Work instruction
Nothing may be left out of the listing below but its images; repeat the rest exactly.

Supplied information

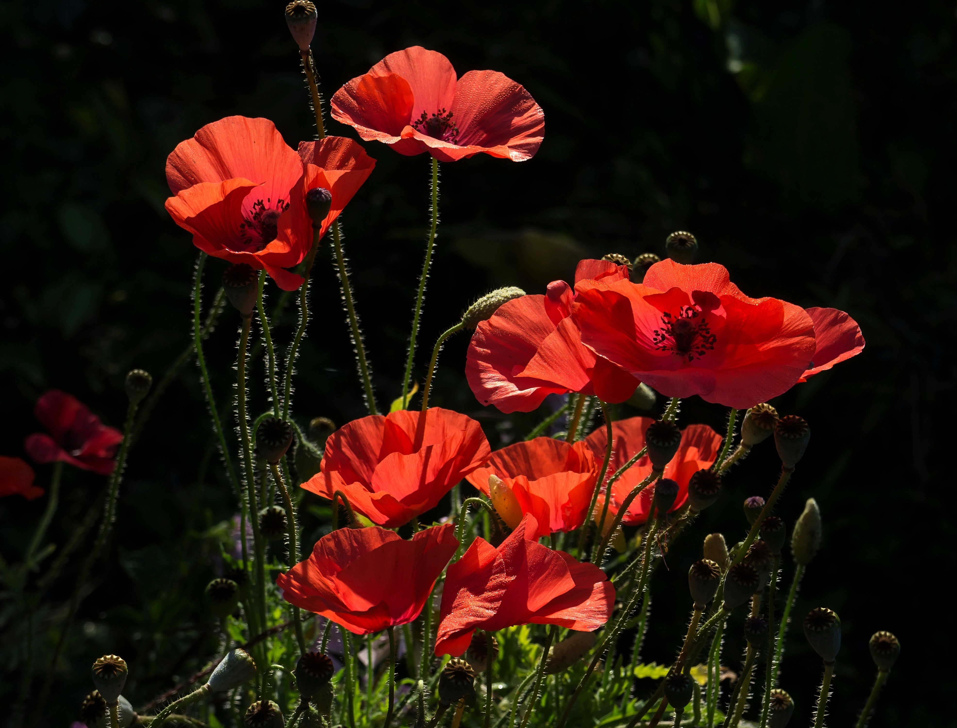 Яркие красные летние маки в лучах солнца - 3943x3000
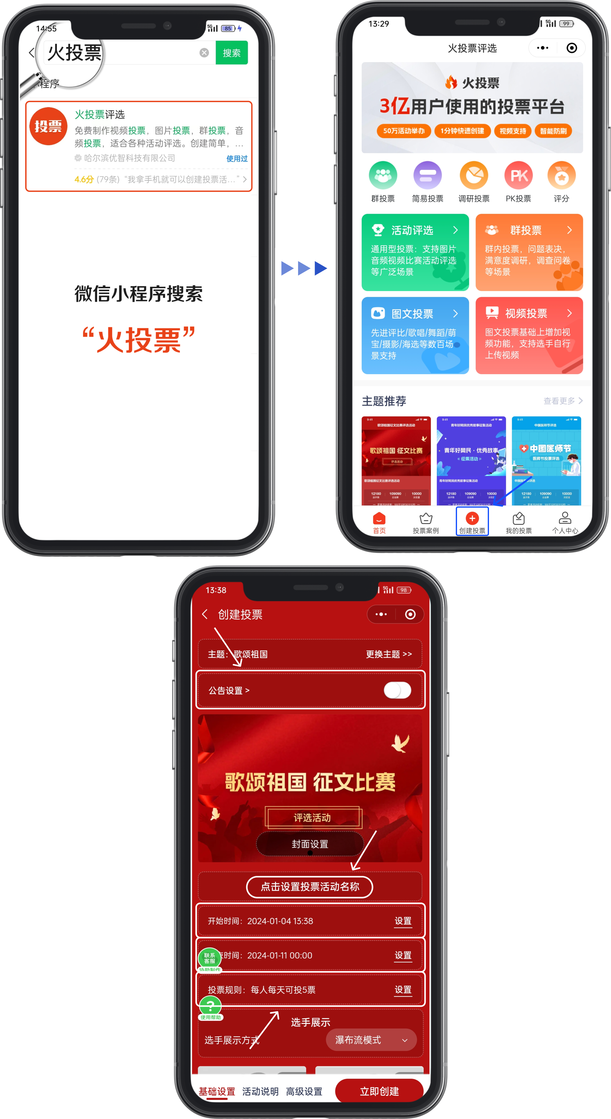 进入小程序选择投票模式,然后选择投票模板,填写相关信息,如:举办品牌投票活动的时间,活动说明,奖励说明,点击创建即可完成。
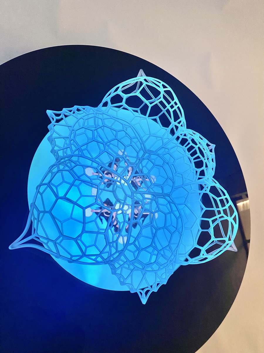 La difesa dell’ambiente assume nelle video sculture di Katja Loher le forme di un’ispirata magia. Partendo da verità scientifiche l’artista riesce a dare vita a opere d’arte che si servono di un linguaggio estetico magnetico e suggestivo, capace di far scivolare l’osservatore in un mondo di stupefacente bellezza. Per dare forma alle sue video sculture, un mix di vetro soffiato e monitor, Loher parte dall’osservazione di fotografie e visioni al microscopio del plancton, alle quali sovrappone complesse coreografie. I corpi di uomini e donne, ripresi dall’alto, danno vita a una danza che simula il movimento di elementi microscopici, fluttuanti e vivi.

Response box
 Яркие красные летние маки в лучах солнца - 3943x3000
 进入小程序选择投票模式,然后选择投票模板,填写相关信息,如:举办品牌投票活动的时间,活动说明,奖励说明,点击创建即可完成。
 La difesa dell’ambiente assume nelle video sculture di Katja Loher le forme di un’ispirata magia. Partendo da verità scientifiche l’artista riesce a dare vita a opere d’arte che si servono di un linguaggio estetico magnetico e suggestivo, capace di far scivolare l’osservatore in un mondo di stupefacente bellezza. Per dare forma alle sue video sculture, un mix di vetro soffiato e monitor, Loher parte dall’osservazione di fotografie e visioni al microscopio del plancton, alle quali sovrappone complesse coreografie. I corpi di uomini e donne, ripresi dall’alto, danno vita a una danza che simula il movimento di elementi microscopici, fluttuanti e vivi.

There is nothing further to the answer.